Мой дед Моррисон был прирожденный оратор, ревностный политик и вождь крайне левого крыла радикальной партии в своем округе. Впоследствии такое же положение занял там его сын, мой дядя Байли Моррисон. Не раз меня посещали в Америке шотландцы, желавшие пожать руку внуку Томаса Моррисона. Директор железнодорожной компании «Кливиленд и Питтсбург» мистер Фармер сказал мне однажды: «Всеми своими знаниями я обязан влиянию вашего деда». А Эбенезер Гендерсон, автор прекрасно написанной истории Данфермлина, заявил, что успехом в жизни он всецело обязан тому счастливому обстоятельству, что еще мальчиком поступил на службу к моему деду.
Я много слышал лестных отзывов в своей жизни, но никогда ни одна похвала не доставляла мне такого удовольствия, как слова сотрудника одной газеты, издающейся в Глазго. Он слышал в Америке мою речь о гомруле и в своем отчете упомянул, что в Шотландии очень много говорят обо мне и моей семье и в особенности о моем деде, Томасе Моррисоне. «Каково же было мое удивление, – прибавляет он, – когда я увидел на ораторской трибуне живой портрет Томаса Моррисона! Так велико было сходство с ним его внука во всех отношениях».
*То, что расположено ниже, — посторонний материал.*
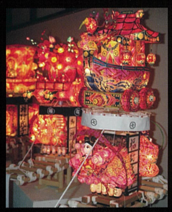
ミニ行燈 1/7スケール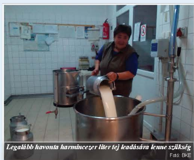
Legalább havonta harmincezer liter tej leadására lenne szükség

- Ugyanezek a problémák a környező településeken is kialakultak, Konyáron, Körösszakálon például. A tökére, gyorsan terjeszkedő felvásárló a na-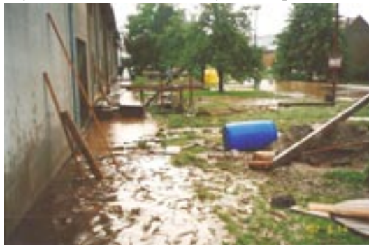
14. 6. 2007 na chodníčku v Bojanovicích.

Dle očitých svědectví některých občanů Bojanovic, voda, v jindy nepatrně čičůrkajícím potůčku plynoucího přes střed naší obce se v místech, kde končí jeho korytka stékajícího z polí u Libenských na Bařině a měla dále vtékat do jindy postačujících betonových skruží vedoucích přes Bojanovice směrem na Měrůtky,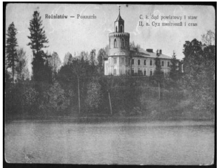
Іл. 2. Повітовий суд. Поштівка, 1909 р.

Починаючи з 1906 р. іконогорафічні, а з 1919 р. й літературні джерела фіксують інформацію про те, що палац Скарбека передано під повітовий суд [12] [17]. Після II світової війни будівлю реконструйовано: верхню частину вежі розібрали, зберігся лише фрагмент першого ярусу [22; 118]. Рішенням Івано-Франківського облвиконкому від 18 червня 1991 р. споруду взято під охорону як пам'ятку місцевого значення.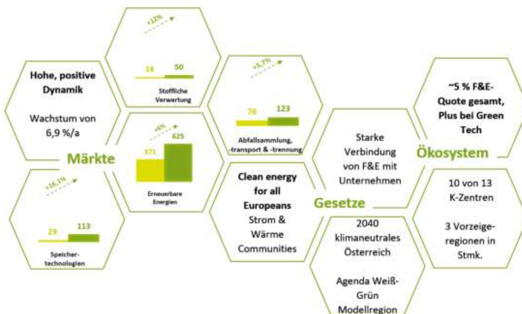
Abbildung 3: Zusammenfassung Analyse

Im Zuge des Strategieprozesses wurden Analysen in den Bereichen Märkte, Trends und Ökosystem durchgeführt. Dazu wurde eine Online-Befragung durchgeführt, im Zuge derer 89 Unternehmen wertvollen Input gaben.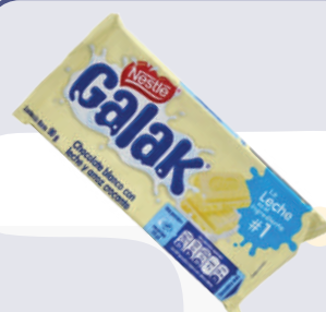
GALAK *6 DISP. *12 UNI 100 GR

Мое замечательное сходство с дедом не подлежит, впрочем, никакому сомнению. Я не могу вспомнить, видел ли его когда-нибудь, но хорошо помню, что когда мне было уже двадцать семь лет и я в первый раз вернулся в Данфермлин, большие черные глаза моего дядюшки Байли Моррисона, сидевшего возле меня на диване, вдруг наполнились слезами. Он был так взволнован, что не мог выговорить ни слова и выбежал из комнаты. Спустя несколько минут он вернулся и объяснил, что во мне есть нечто напоминающее ему отца, и это сходство то появляется, то исчезает. Он не мог уяснить, в чем оно, собственно, заключается, но, по-видимому, мои движения порой напоминали ему отца. Моя мать тоже замечала это сходство. Мой дед Моррисон был женат на мисс Ходж из Эдинбурга, прекрасно образованной и воспитанной девушке, занимавшей хорошее положение в обществе. Она рано умерла. Тогда дед жил в хороших условиях. Он торговал кожей и был директором кожевенного завода в Данфермлине. Но мир, заключенный после битвы при Ватерлоо, разорил его, как и тысячи других. Поэтому младшие дети в семье жили уже в худших условиях, и только старший сын, мой дядя Байли, был воспитан в некоторой роскоши и даже имел собственного пони для верховой езды.